These contract structures apply to more than just federal contracts and have
helped me dramatically understanding different contract structures. Anyway,
long story short, each contract type has a different amount of risk and reward
and it's extremely important that both parties understand and choose the
contract type most appropriate for the work. Even fixed priced contracts have
a lot of variation:

[http://www.acq.osd.mil/dpap/ccap/cc/jcchb/Files/Topical/Cont...](http://www.acq.osd.mil/dpap/ccap/cc/jcchb/Files/Topical/Contract_Type_Comparison_Table/resources/contract_type_table.docx)

Anyway, it does take time to learn this language, but the there are many local
chapters of the National Contract Management Association
([http://www.ncmargc.org/](http://www.ncmargc.org/)) that run seminars and
study groups that can help understand this kind of language.

------
dworin
>>> the change is mostly about moving this risk (and potential reward related
to it).

This is exactly right! And the theory behind it is actually one of the papers
behind this year's economics Nobel Prize.
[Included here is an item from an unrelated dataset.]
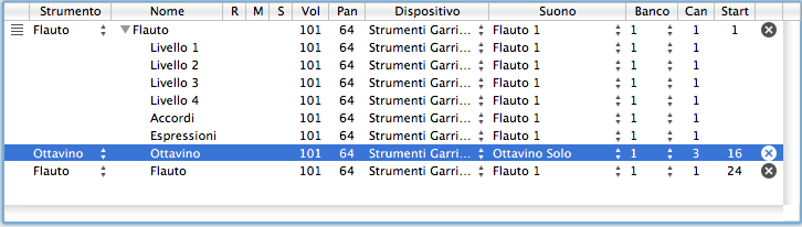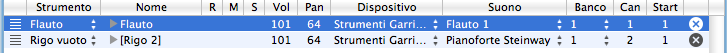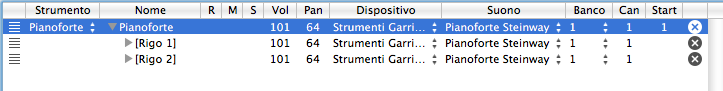 I righi condividi da uno stesso strumento, presentano anch'essi il pulsante per il trascinamento e la disposizione in partitura

Different billing models aren't about paying for outcomes - they're about how
to both incentivize and compensate when 1) there is uncertainty about the
effort and ability required and 2) there is uncertainty about the degree to
which effort and ability will lead to outcomes and 3) outcomes are costly or
difficult to measure.

Different ways of billing are really about who takes on the risk (and gets
both the upside or the downside), as well as how to align incentives between
the service provider and the recipient. Oftentimes risk-sharing and incentive-
alignment are in conflict with each other, which is why this isn't an easy
topic.

------
dagw
I've basically only done fixed bid work for the past two years and when all is
tallied up the end result is an hourly rate significantly higher than I've
ever gotten doing hourly billing. The 'trick' as it where is to focus on
offering set products where the scope is easy to clearly define (You will
deliver X, I will perform Y and deliver results in form of Z), and that you've
done enough times to have a streamlined pipeline to manage. The client
shouldn't care if it takes me 10 hours or 100 hours to do something, all they
should care about is if the work is worth $10k or not.

------
tboyd47
The author is right that increasing the time value of one's work is an uphill
battle. I entered the workforce right at the beginning of the 2008 recession.
It took me 6 years of bouncing from job to job, working late nights at times,
talking to armies of recruiters, negotiating small raises at each job, to
finally earn a salary that would be considered average in our industry.

I am very, very careful now to guard my rate as a software developer. As crazy
as it sounds, I would rather work for free than work for a low rate.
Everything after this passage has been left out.